NYT says NO to “the other f-word,” and YES to Gov. McAuliffe

The New York Times has two great Sunday editorials on issues relating to collateral consequences.  One deals with the issue of labeling people with a criminal record, of special concern when headline writers seem unable to resist using what Bill Keller at the Marshall Project recently called “the other F-word.”  The editorial points out that ugly demeaning labels like “convict” and “felon” are “an unfair life sentence.”  Let us hope the message reaches newsrooms across the country, and that journalists (especially headline writers) will find another way of describing people with a criminal record.

The Times also has another very fine editorial on Virginia Governor McAuliffe’s restoration of the vote to more than 200,000 individuals, pointing out that his authority under the Virginia Constitution is indisputable.

A very good day for the editorial staff of the Gray Lady, whose editorial page is setting an example of enlightened thinking about criminal law issues – notably including the collateral consequences of conviction.

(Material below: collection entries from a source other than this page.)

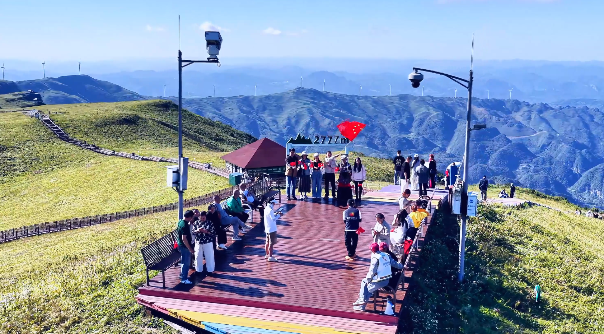 오전 8시경, 자이위핑 경구의 관광객들이 질서 있게 입장하고 있었으며, 관광객들은 너도나도 케이블카나 관광차로 갈아타고 산정으로 향하고 있었습니다. 비록 절정의 꽃철은 지났지만, 수만 묘에 이르는 야생 부추 초원은 여전히 푸르싱싱한 기운을 띠며, 마치 거대한 비단이 하늘로 펼쳐진 듯하며, 멀리 펼쳐진 구름 바다와 어우러져 절경을 이루고 있었습니다. 나무 데크 길 위에서는 부모와 자녀가 함께하는 가족들, 그리고 사진 애호가들이 끊임없이 이어졌으며, 모두 카메라를 들고 '만봉장운하, 인재운상행'이라는 절경을 영원히 간직하고 있었습니다.
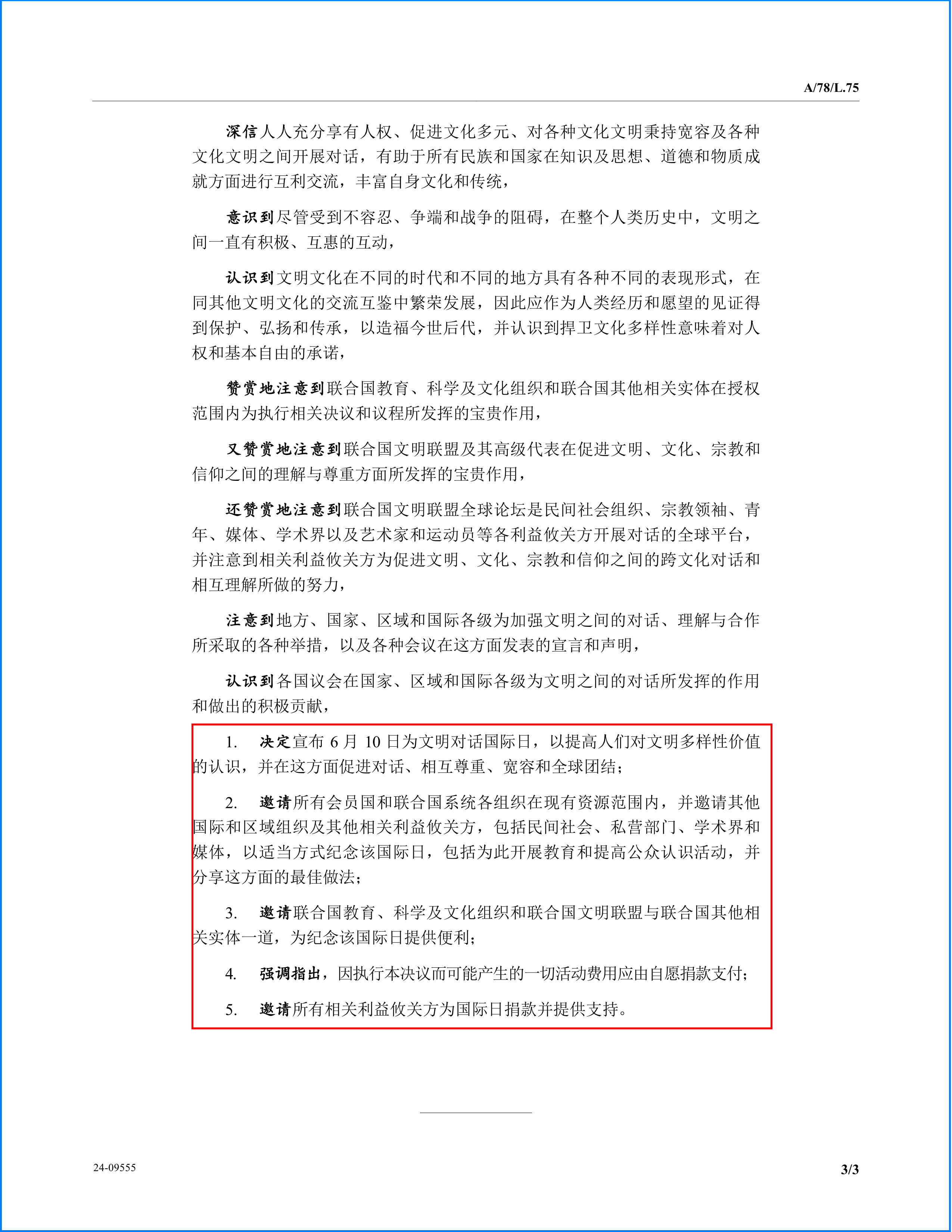 决议邀请所有会员国、国际和区域组织及其他相关利益攸关方以适当方式纪念文明对话国际日,包括开展教育和提高公众认识活动。
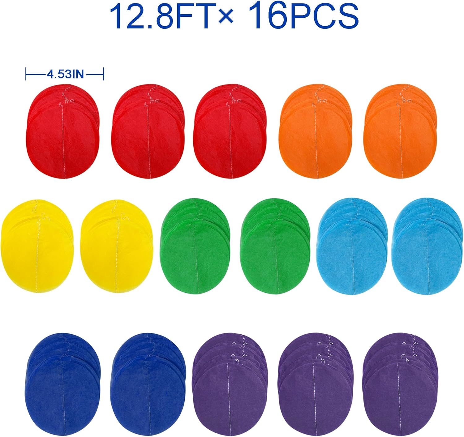 • 🔴PACKAGE CONTAINS- 16 packs of rainbow circle dot party garland banner,Each string is 12.8 feet/3.9 meters with 30 pcs polka dots, Total is 62.4 meters/205 feet.
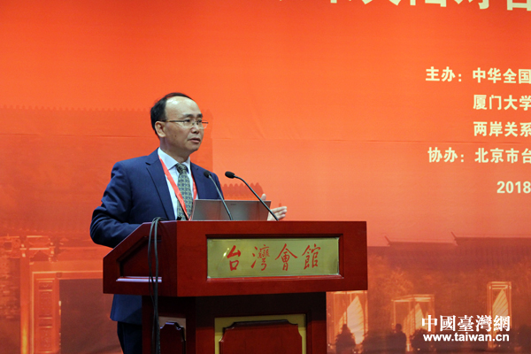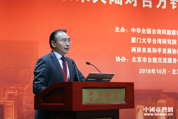 兩岸關(guān)系和平發(fā)展協(xié)同創(chuàng)新中心主任、廈門大學(xué)臺灣研究院教授劉國深在研討會上發(fā)言。(中國臺灣網(wǎng) 張潔 攝)
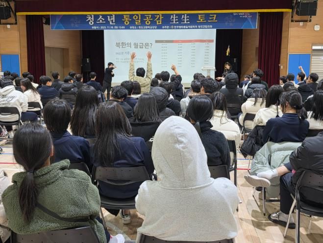 (포탈뉴스통신) 청도군은 지난 18일 청도고등학교 강당에서 민주평화통일자문회의 청도군협의회 주관으로 '2025 청소년 통일공감 生生(생생) 토크'를 개최했다고 밝혔다.
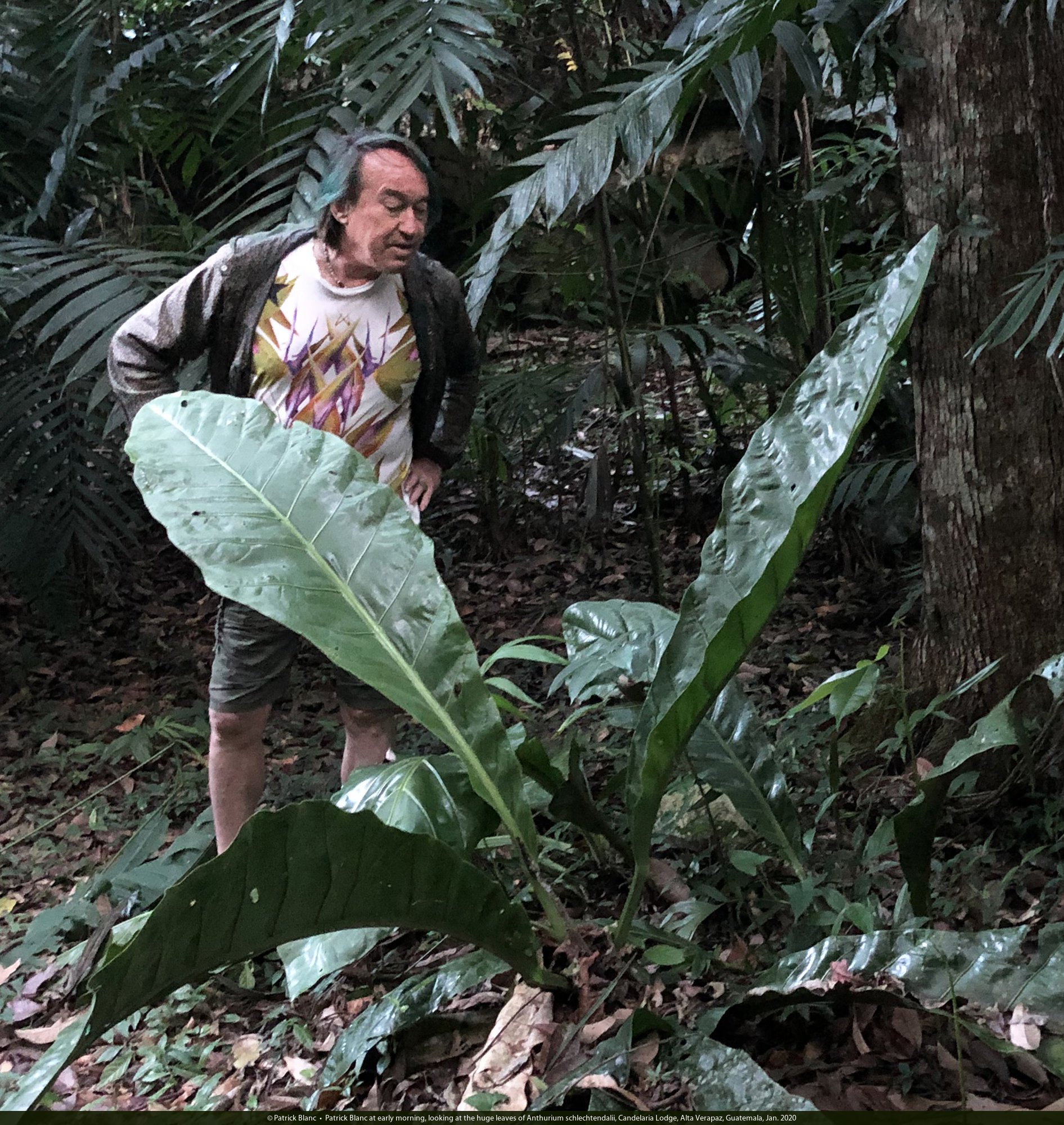 Patrick Blanc much intrigued by the big glaucous leaves of Syngonium macrophyllum, Cubilhuitz, Alta Verapaz, Guatemala, Jan. 2020

Labels and stereotypes in the President’s immigration speech

obama-immigration-speechThe President’s decision to take unilateral executive action to insulate certain undocumented immigrants from the immediate threat of deportation has provoked outrage in some quarters and profound relief in others.   The legal issues raised by this decision are important and debatable, some of its line-drawing is problematic, and its success stands or falls on the uncertain terrain of bureaucratic discretion.  No doubt its political implications are yet to be revealed.

But amid all the uncertainty, one thing is clear.  In his speech announcing the initiative the President said, repeatedly and definitively, that no one with a criminal record would benefit from his reprieve.   Thus, he emphasized that enforcement resources would remain focused on “actual threats to our security,” by which he meant “Felons, not families. Criminals, not children.”   Again, it is possible to benefit from the law if you can “pass a criminal background check” (whatever that means), but “[i]f you’re a criminal, you’ll be deported.”   Even people convicted of misdemeanors will not be spared under the new DHS enforcement priorities.

Entirely apart from the wisdom or fairness of the immigration policy choice involved in this broad blanket exclusion (and there are good reasons to be critical of it), it was disheartening to hear the President present it in such unfortunate language.  The ugly labels of “felon” and “criminal” do, after all, at least technically describe a status shared by 25% of adult Americans.  Labels like these serve only to demonize and exclude, and they are fundamentally at odds with our national policy of encouraging rehabilitation to reduce crime.  There were other ways the President could have justified continuing his policy of deporting based on criminal record than by using words that do more to stir up fear of “the other” than to describe relevant functional attributes.

The President’s words suggest that people who have been convicted of a crime are evermore to be regarded as “felons” and “criminals,” categorically threatening to our safety and security, and uniformly deserving to be segregated and sent away.  But he himself pardoned such a person less than two years ago, precisely to keep her from being deported. And he is surely aware of the bipartisan conversation now underway about the need to curb over-criminalization, one of the few matters on which Republicans and Democrats can agree.   It is tempting to take linguistic shortcuts when politically expedient, but it is a temptation he might have resisted without jeopardizing his larger objective.

It is time we stopped using negative stereotypes and labels to describe people who at some point in their past have committed a crime, in the immigration context or otherwise.  It is no longer acceptable to describe undocumented immigrants as “illegal aliens.”  Our language needs a similar makeover where past convictions are concerned.